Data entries

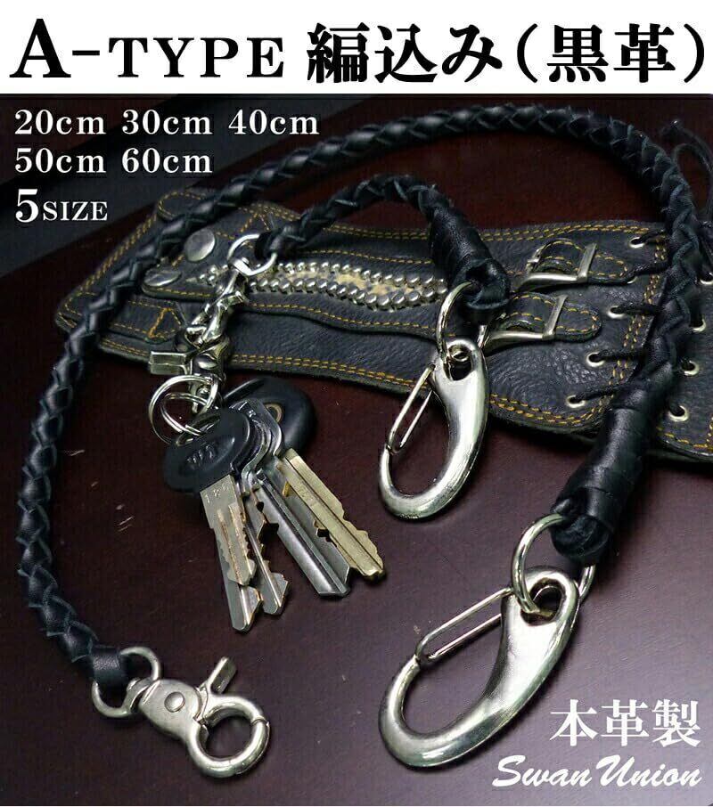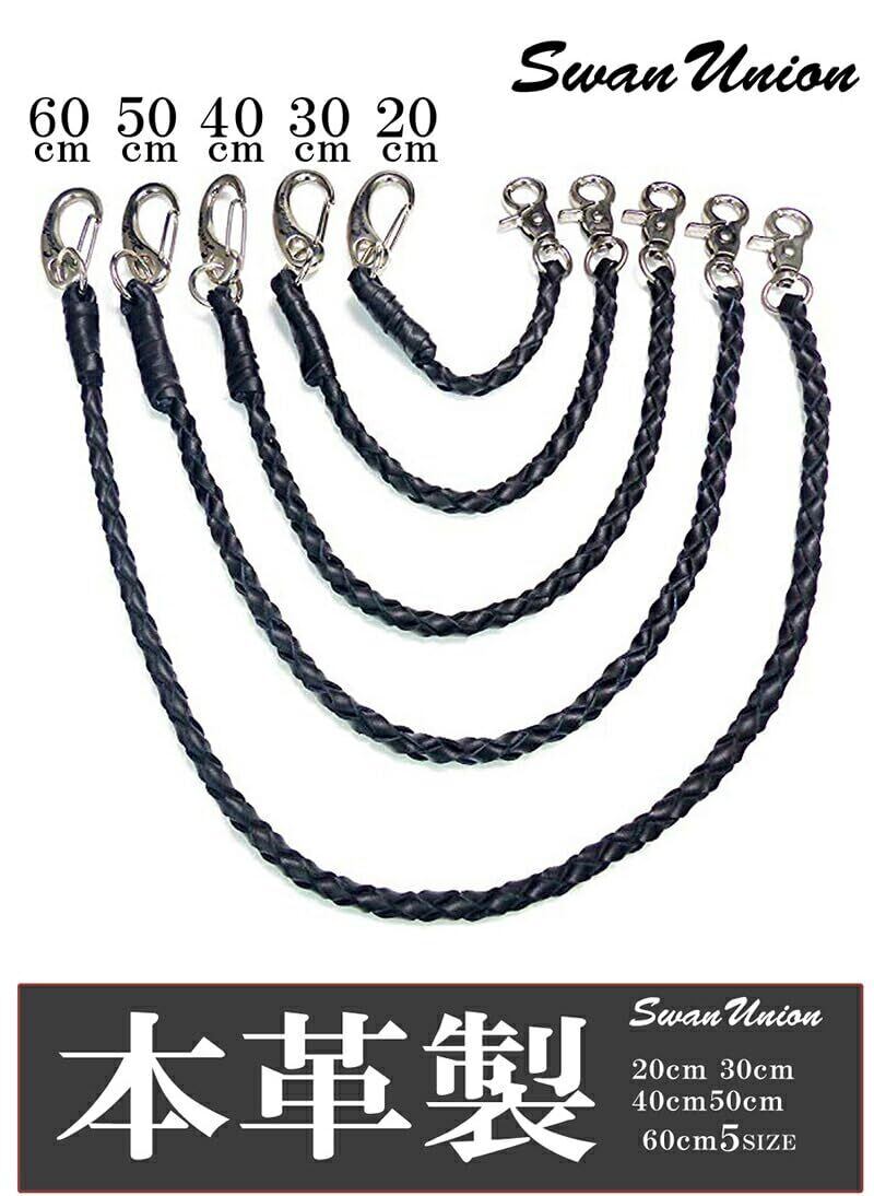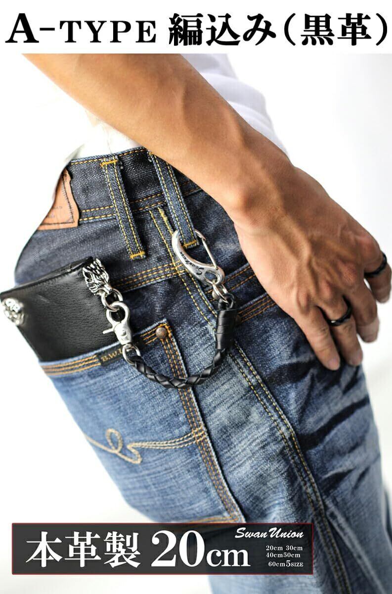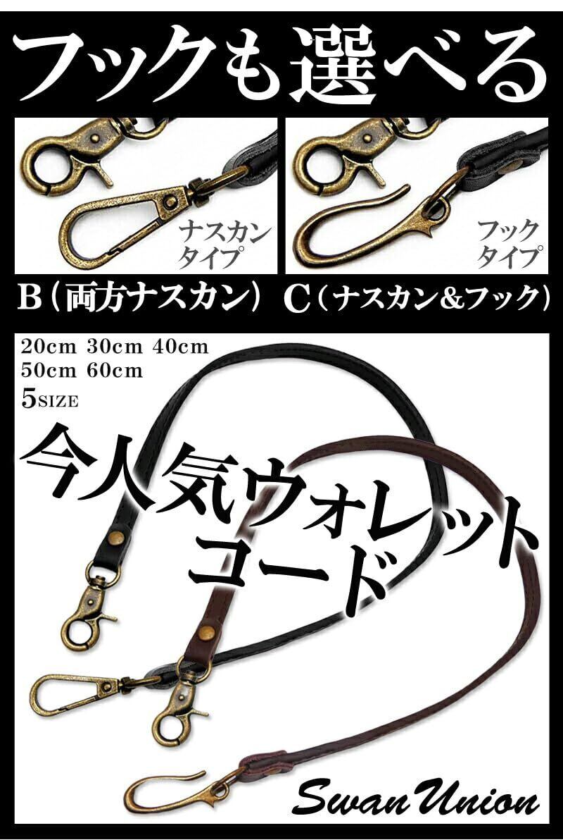 [スワンユニオン] 本革 ウォレットロープ メンズ 60cm 黒 ウォレットコード 革 手編み バイカー レザー 財布 ファッション ウォレットチェーン chwx20-60-va1
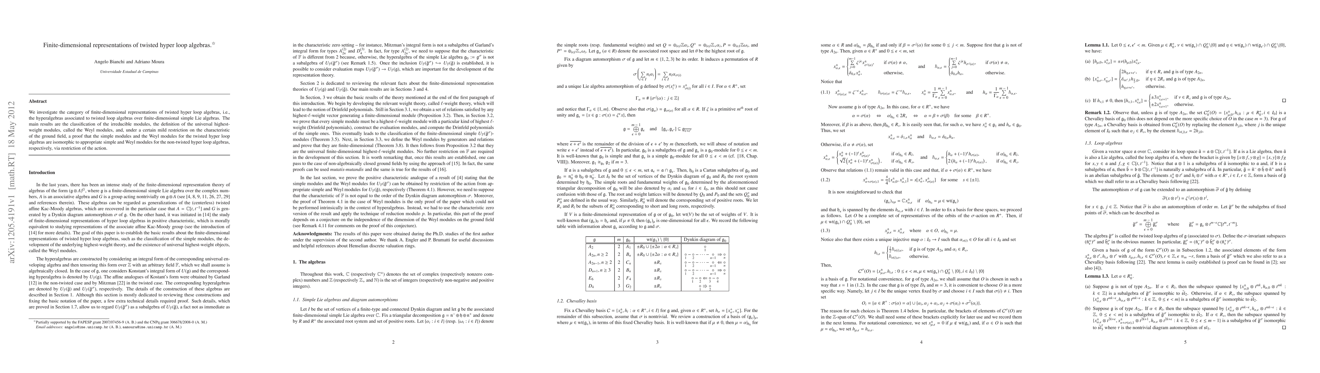 This paper classifies finite-dimensional irreducible representations of twisted hyper loop algebras, defines universal highest-weight modules (Weyl modules), and proves isomorphism between simple modules of twisted and non-twisted hyper loop algebras under certain characteristic restrictions.
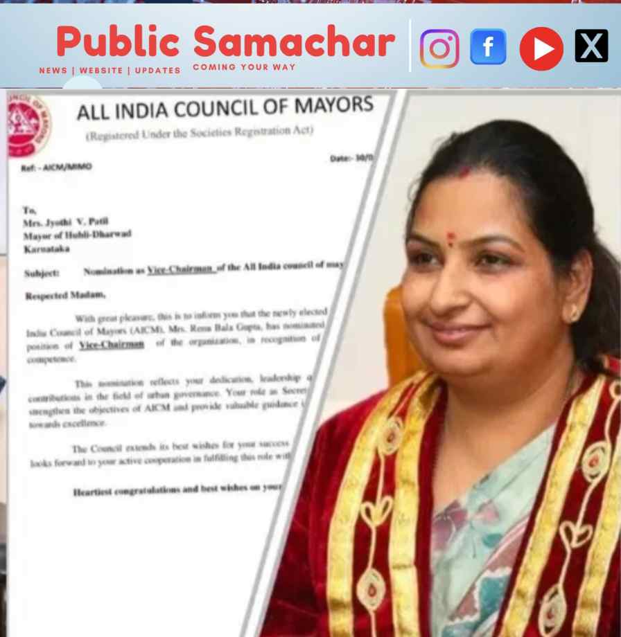 ಧಾರವಾಡ: ಹುಬ್ಬಳ್ಳಿ-ಧಾರವಾಡ ಮಹಾನಗರ ಪಾಲಿಕೆಯ ಪ್ರಥಮ ಪ್ರಜೆ ಜ್ಯೋತಿ ಪಾಟೀಲ್ ಅವರು ಅಖಿಲ ಭಾರತ ಮಹಾಪೌರರ ಮಂಡಳಿಯ (ಆಲ್ ಇಂಡಿಯಾ ಕೌನ್ಸಿಲ್ ಆಫ್ ಮೇಯರ್ಸ್) ಉಪಾಧ್ಯಕ್ಷರಾಗಿ ನೇಮಕಗೊಂಡಿದ್ದಾರೆ.
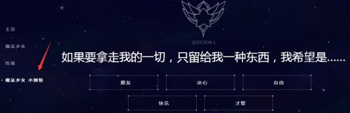 首先如圖進去領(lǐng)取地址-然后魔法少女小測試如圖所示,反正會給一些列有的沒得的測試,選擇不同的答案就會有不同的測試結(jié)果,最后的結(jié)果肯定是根據(jù)答案分別是拉克絲、金克絲、風女、波比、露露咯。(小編隨便瞎點的,最后測試結(jié)果是拉克絲,所以你想要別的就多試試就此多試試幾次。)
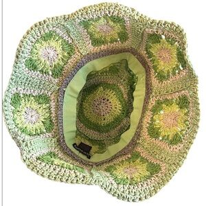 Steve Madden Green Crocheted Paper Yarn Scalloped Brim Bucket Hat OS
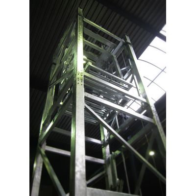 This vertical transportation system is equipped for max. 1500 kg loading and with a capacity of 30 cycles per hour. It was completely galvanized, including the roller conveyors for the in- and outfeed.
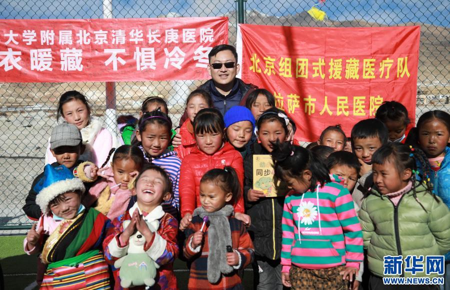 北京援藏醫(yī)生王學(xué)棟(現(xiàn)任拉薩市人民醫(yī)院普外科主任)在給孩子們穿上冬裝。(新華社發(fā) 肖海軍 12月3日攝)
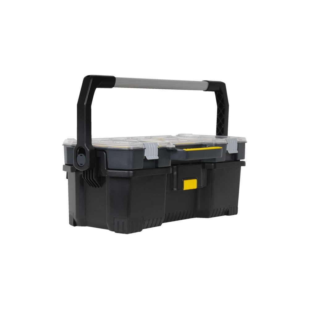 Caisse avec organiseur pour la visserie et petits accessoires. Bouton sur le devant pour libérer la partie haute de la caisse. Grande poignée en aluminium pour faciliter le transport. Volume utile : 53 l Capacité de chargement : 18 kg Dimensions : 670 x 323 x 283 mm Livrée sans outils.
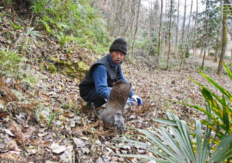 近日,在陕西汉中,宁强县林业局干部驱车25公里,赶到铁锁关镇周家坎村村民李映安家,对一只受伤的国家一级保护野生动物林麝进行了伤情检查,符合放生条件。随即,他们来到一个山脚下,将林麝放归山林。
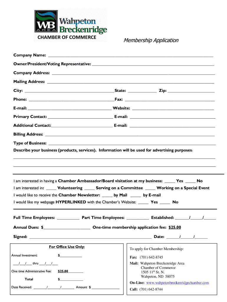 Membership Application Company Name: Owner/President/Voting Representative: Company Address: Mailing Address: City: State: Zip: Phone: Fax: Email: Website: Primary Contact: Email: Additional Contact:

_REQUIRED WORK_:
Return only the lines from the line containing "ಧಾರವಾಡ: ಹುಬ್ಬಳ್ಳಿ-ಧಾರವಾಡ ಮಹಾನಗರ" through the last line of the records above, both ends included, exactly as written, leaving pictures out.

_TASK ANSWER_:
 ಧಾರವಾಡ: ಹುಬ್ಬಳ್ಳಿ-ಧಾರವಾಡ ಮಹಾನಗರ ಪಾಲಿಕೆಯ ಪ್ರಥಮ ಪ್ರಜೆ ಜ್ಯೋತಿ ಪಾಟೀಲ್ ಅವರು ಅಖಿಲ ಭಾರತ ಮಹಾಪೌರರ ಮಂಡಳಿಯ (ಆಲ್ ಇಂಡಿಯಾ ಕೌನ್ಸಿಲ್ ಆಫ್ ಮೇಯರ್ಸ್) ಉಪಾಧ್ಯಕ್ಷರಾಗಿ ನೇಮಕಗೊಂಡಿದ್ದಾರೆ.
 首先如圖進去領(lǐng)取地址-然后魔法少女小測試如圖所示,反正會給一些列有的沒得的測試,選擇不同的答案就會有不同的測試結(jié)果,最后的結(jié)果肯定是根據(jù)答案分別是拉克絲、金克絲、風女、波比、露露咯。(小編隨便瞎點的,最后測試結(jié)果是拉克絲,所以你想要別的就多試試就此多試試幾次。)
 Steve Madden Green Crocheted Paper Yarn Scalloped Brim Bucket Hat OS
 This vertical transportation system is equipped for max. 1500 kg loading and with a capacity of 30 cycles per hour. It was completely galvanized, including the roller conveyors for the in- and outfeed.
 北京援藏醫(yī)生王學(xué)棟(現(xiàn)任拉薩市人民醫(yī)院普外科主任)在給孩子們穿上冬裝。(新華社發(fā) 肖海軍 12月3日攝)
 Caisse avec organiseur pour la visserie et petits accessoires. Bouton sur le devant pour libérer la partie haute de la caisse. Grande poignée en aluminium pour faciliter le transport. Volume utile : 53 l Capacité de chargement : 18 kg Dimensions : 670 x 323 x 283 mm Livrée sans outils.
 近日,在陕西汉中,宁强县林业局干部驱车25公里,赶到铁锁关镇周家坎村村民李映安家,对一只受伤的国家一级保护野生动物林麝进行了伤情检查,符合放生条件。随即,他们来到一个山脚下,将林麝放归山林。
 Membership Application Company Name: Owner/President/Voting Representative: Company Address: Mailing Address: City: State: Zip: Phone: Fax: Email: Website: Primary Contact: Email: Additional Contact:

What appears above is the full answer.